Глянул на своих. Они сидели поодаль в немом ожидании. Отец помахал рукой… А где Долгунча? Отступила к трем коновязям, встала, как четвертый, живой и подвижный столб. И Хорсун рядом с ней. Красивый, высокий человек. Воин. Мало того багалык.
Вздохнув, Дьоллох отвел глаза. Что ж, пора выходить, показать свое умение. Сейчас он докажет Долгунче, что мастер Кудай благосклонен не только к ней. Пусть она поймет, эта девушка, которая не стесняется громко смеяться в толпе и таскает с собой кучу мужчин, что он, Дьоллох, не нуждается в ее хваленых уроках.
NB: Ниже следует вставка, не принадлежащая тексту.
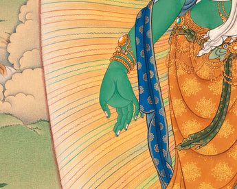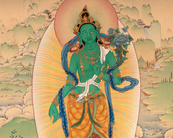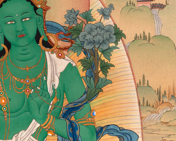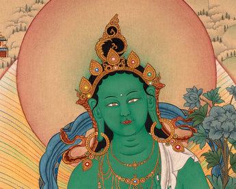 At Enlightenment, we have done the following Buddhist text and iconography detail. This Green Tara thangka is perfect for your Tara practice.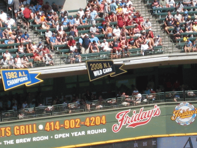 | At least Sarah and I, and probably/possibly Matt and Jon will be going to Miller Park for the Twins/Brewers Games on the 24th and 25th. Does anyone else want in? There appears to be 500 sections you can request tickets for, anyone have any tips/preferences? We will then be heading down to St. Louis for the series there, so anyone that comes would have to get their on their own, as there would be no return trip. | ||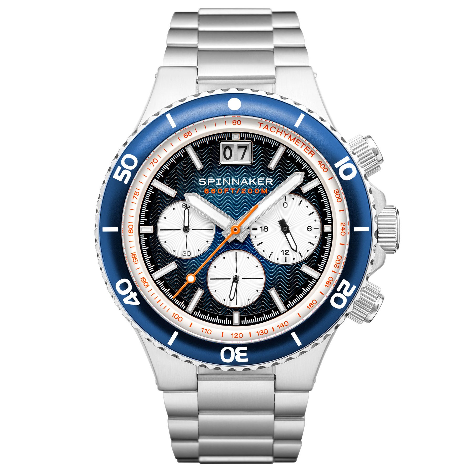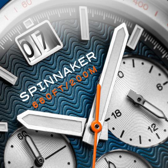 Spinnaker introduces a complete sports chronograph like no other. Following a modern nautical design code, the Hydrofoil is a sleekly-shaped timepiece built for strength and reliability.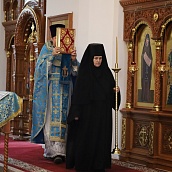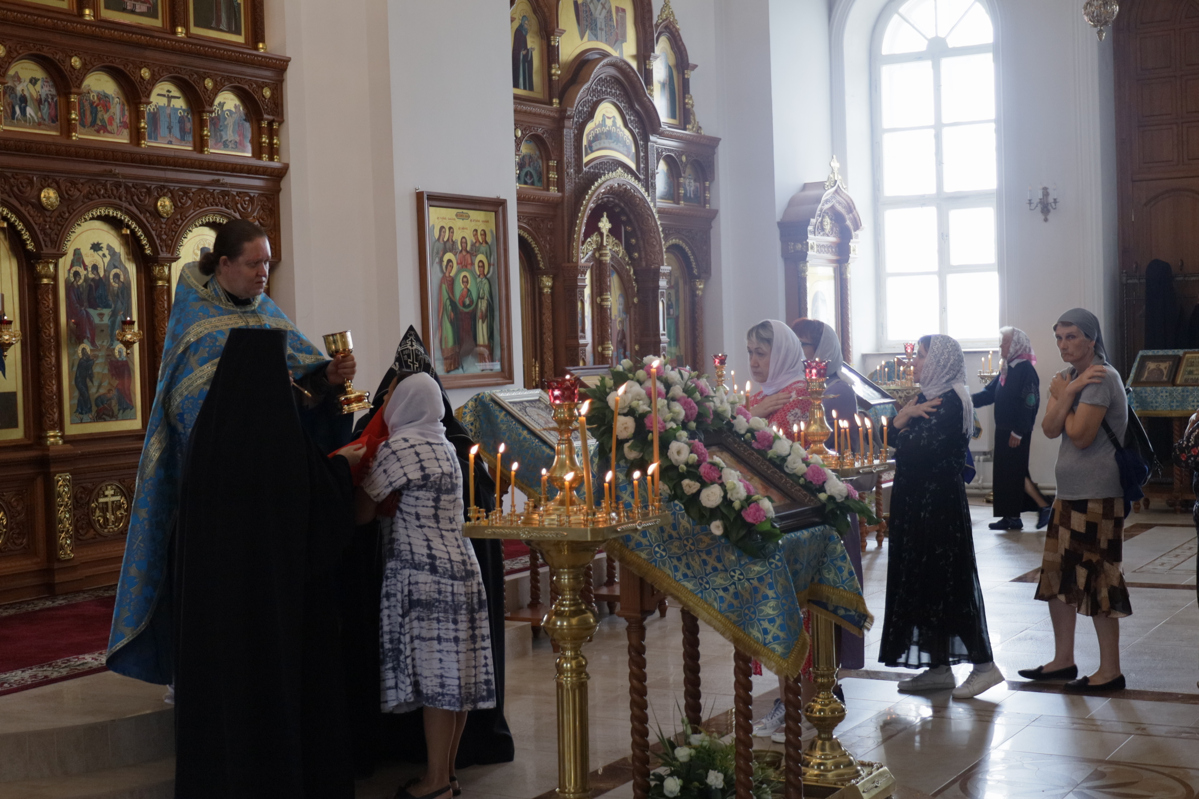 С вечера в обители было отслужено всенощное бдение. Праздничный день начался по монастырскому уставу акафистом перед Казанской иконой Пресвятой Владычицы нашей Богородицы, далее полунощница и Божественная литургия, за которой многочисленные прихожане сподобились причаститься Святых Христовых Таин.

Тогда она, может, взглянет на него с должным вниманием, а не будет скользить равнодушным взглядом, как по пустому месту.
– Мне отгонять комаров?
Глазенки Айаны сияли. Дьоллох растерянно пожал плечами. Вот уж некстати привязалась малявка… Обернулся стыдливо: не заметил ли кто? Поймал смешливый взгляд старейшины Силиса, страдальческий – Эдэринки.
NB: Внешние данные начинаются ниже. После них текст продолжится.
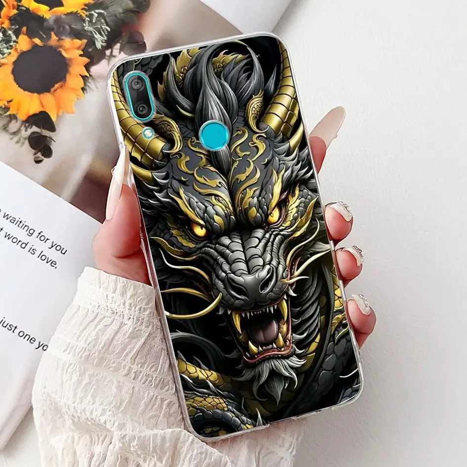 Para Huawei Y7 2019 Y 7 Prime 2019 funda Cool dibujos animados dragón cubierta trasera silicona suave transparente TPU parachoques en Huawei Y7 Pro 2019 Funda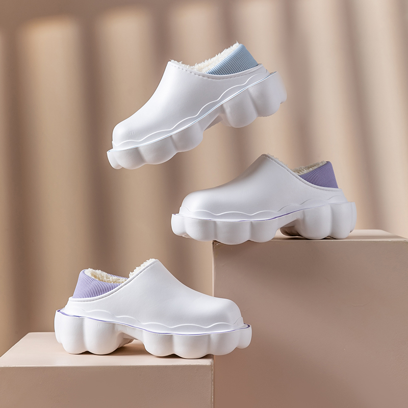 厚底花边款棉拖鞋踩屎感棉拖鞋女冬季居家情侣加绒保暖防滑防水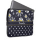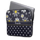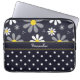 ラップトップスリーブ濃紺の背景に対する黄色い中心との白いデイジーの上のガーリーなレトロのモダンな花模様との13インチ、および底の粋で青および白い水玉模様パターン。 あなたの名前を加えることによって個人化して下さい。 スタイリッシュな女の子らしい女の子のための現在を完成して下さい。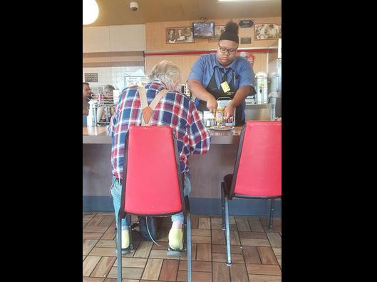 Mai precis, tânăra Evoni Williams din Houston avea un client în vârstă cu probleme de sănătate. Omului îi tremurau mâinile și nu reușea să își taie bucata de carne din farfurie. Așa că fata nu a stat mult pe gânduri și a luat inițiativa.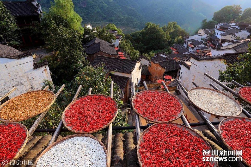 2018年8月7日,江西婺源縣篁嶺古村,壯觀的“曬秋”場景。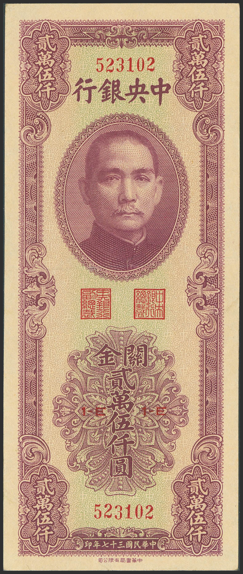 CHINA. 25000 Custom gold units. 1948. Central Bank of China. (Pick: 367). Almost Uncirculated.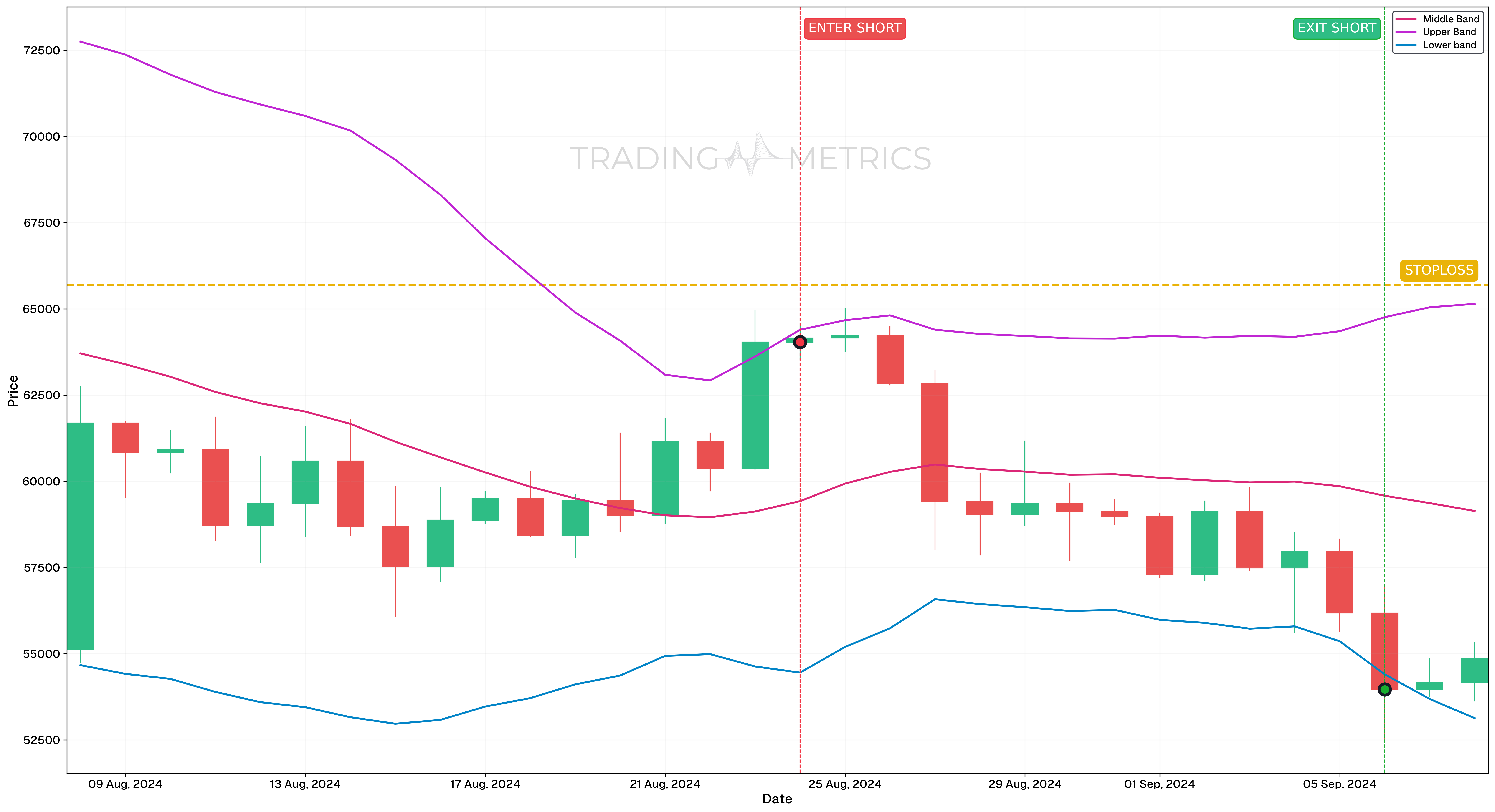 - Stop-Loss Placement: The stop-loss was strategically set at $65,700, positioned slightly above the upper Bollinger Band, allowing for a controlled risk profile while maintaining alignment with the overbought entry signal.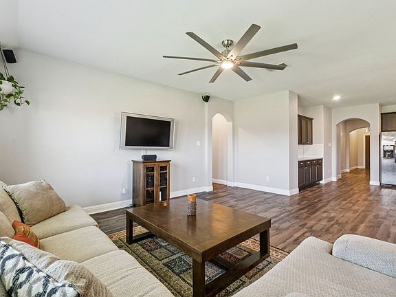 3 car garage! Former Model Home on Premium Corner Lot in Fate, Texas! Welcome to this beautifully maintained 4-bedroom, 2-bathroom former model home, ideally situated on an expansive corner lot with no homes behind or on one side—offering rare privacy and tranquil greenspace views from the front yard. Step inside through elegant arched entryways into a light-filled home featuring easy-to-maintain flooring in the main living areas and plush carpet in the bedrooms for added comfort. Fresh paint throughout gives the home a crisp, modern feel, while ceiling fans in every room and surround sound wiring in the living area add thoughtful upgrades for everyday living and entertaining.The heart of the home boasts an open layout perfect for gatherings, Kitchen features granite, gas cooktop, a walk in pantry and dual dining areas. The spacious primary suite is a true retreat, complete with a luxurious walk-in closet, dual vanities, and a tile surround shower. Enjoy low-maintenance living with a brick back fence maintained by the HOA, plus mature landscaping that adds curb appeal. The enormous, level backyard is a blank canvas ready for your dream outdoor oasis—plenty of room for a pool, garden, or custom landscaping! A decked attic offers bonus storage space, and the rare 3-car garage provides room for all your tools, toys, or hobbies.The community features resort-style pools, a fitness center, and a stunning clubhouse, and you’re just feet away from a top-rated Rockwall ISD school. With abundant natural light, this home is perfect for indoor plant lovers and anyone seeking a bright, cheerful space to call home. Don't miss this rare opportunity—homes like this don’t come around often!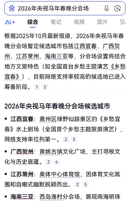 宜春、贺州、常州、三亚入选2026央视马年春晚分会场呼声高

– Потом, – торопливо шепнул прилипчивой девчонке. – Потом отгонишь, ладно? А пока не мешай.
Вышел с достоинством, вперился взглядом в никуда и мягко сжал губами лучший на свете хомус. Прилежная гортань напружинилась, приготовилась помогать. Легкие превратились в мехи, а изогнутая полость носа – в чуткие гудящие трубы. Правая ладонь легонько ударила краем по железному язычку, добывая пробные звуки.
Птичка проснулась, дрогнула радостно и тревожно: «Ты?! Я ждала! Я придумала новую песнь. Она тебе понравится!»
Дьоллох качнул воздух, удлиняя звук, приоткрыл и вновь твердо и нежно сомкнул губы на вдохе. Кисти рук затанцевали, проворно перебирая пальцами хомусную струну. Корень языка привычно задвигался, воздух прохладной струею вкруговую побежал внутри.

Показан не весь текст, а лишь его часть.